Seit einigen Jahren ist Tricon für das Design der Siemens-Regionalbahnen zuständig – jetzt erhielt das Duo den Zuschlag für 175 Stadtbahnfahrzeuge „S200 LRV”, die in San Francisco unterwegs sein werden. Damit kann Tricon bereits den dritten Erfolg auf dem nordamerikanischen Markt verbuchen: 2013 bereits erteilte das kanadische Calgary den Auftrag für neue Straßenbahnen und im Mai 2014 orderte die Allianz der Verkehrsministerien von Illinois, California, Michigan, Missouri und Washington neue Lokomotiven.
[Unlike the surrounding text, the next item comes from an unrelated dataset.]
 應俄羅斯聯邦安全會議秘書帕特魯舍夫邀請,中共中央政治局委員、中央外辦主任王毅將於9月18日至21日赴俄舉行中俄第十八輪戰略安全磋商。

Die Stadtbahnen der Reihe „S200” sollen San Francisco mit Nachbargemeinden verbinden und sind als Hochflurfahrzeuge konzipiert. Die über alles 22,86 Meter langen Bahnen (Breite 2,65 Meter) bieten Platz für ingesamt 203 Passagiere, darunter 60 Sitz- und 4 Rollstuhlplätze. Von vier 130 kW starken Motoren angetrieben liegt die Höchstgeschwindigkeit bei 80,5 km/h. 2018 sollen die ersten 40 Exemplare ausgeliefert werden.

Herr Schürg, beim Stichwort Stadtbahn denkt man nicht unbedingt an die USA – ist die Tram dort wieder attraktiv geworden?
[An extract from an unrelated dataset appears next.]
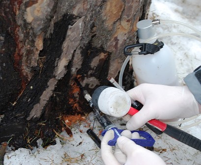 Служба СЭС по уничтожению короеда-типографа в Минусинске.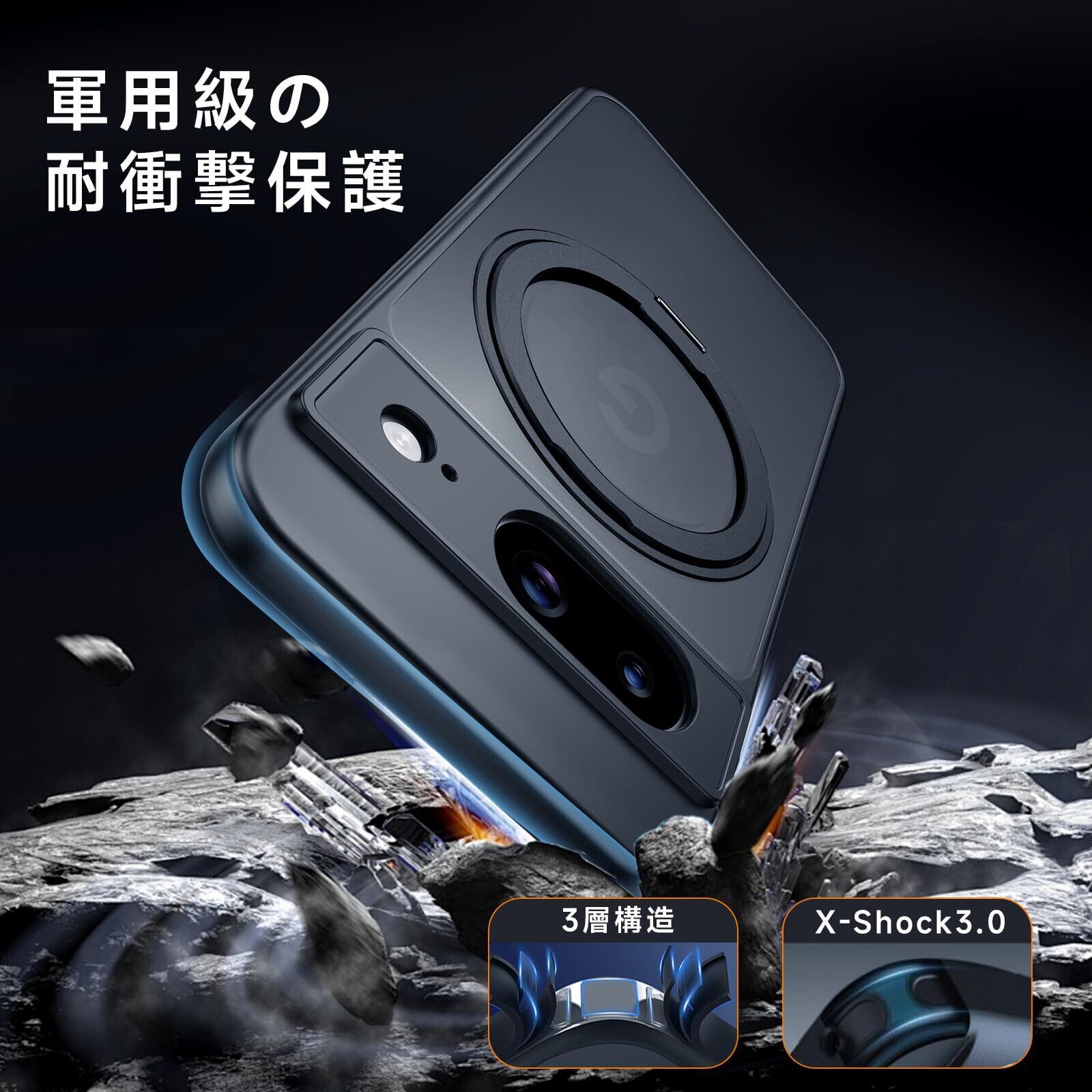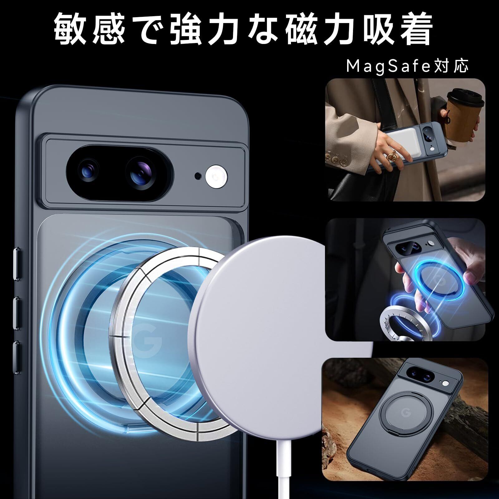 【米軍MIL規格・Magsafe対応】Google Pixel 8 用 ケース MagSafe対応 リング360°回転スタンド機能 縦横両対応 半透明 黄ばみ防止 ワイヤレス充電 ピクセル8 スマホケース レンズ保護 耐衝撃 携帯カバー グーグルピクセル8 カバー 6.2 インチ マグネット搭載 車載ホルダー マグセーフ対応 おしゃれ (ブラック)

Die traditionelle Straßenbahn, wie sie bei uns bekannt ist, lässt sich mit der Bahn für San Francisco nur bedingt zu vergleichen. Zwar basieren die Siemens-Fahrzeuge ursprünglich auf Straßenbahnentwicklungen für europäische Städte, aber ihr Einsatzgebiet ist größtenteils doch eher mit einer Stadtbahn vergleichbar, wie sie beispielsweise in Stuttgart zu finden ist.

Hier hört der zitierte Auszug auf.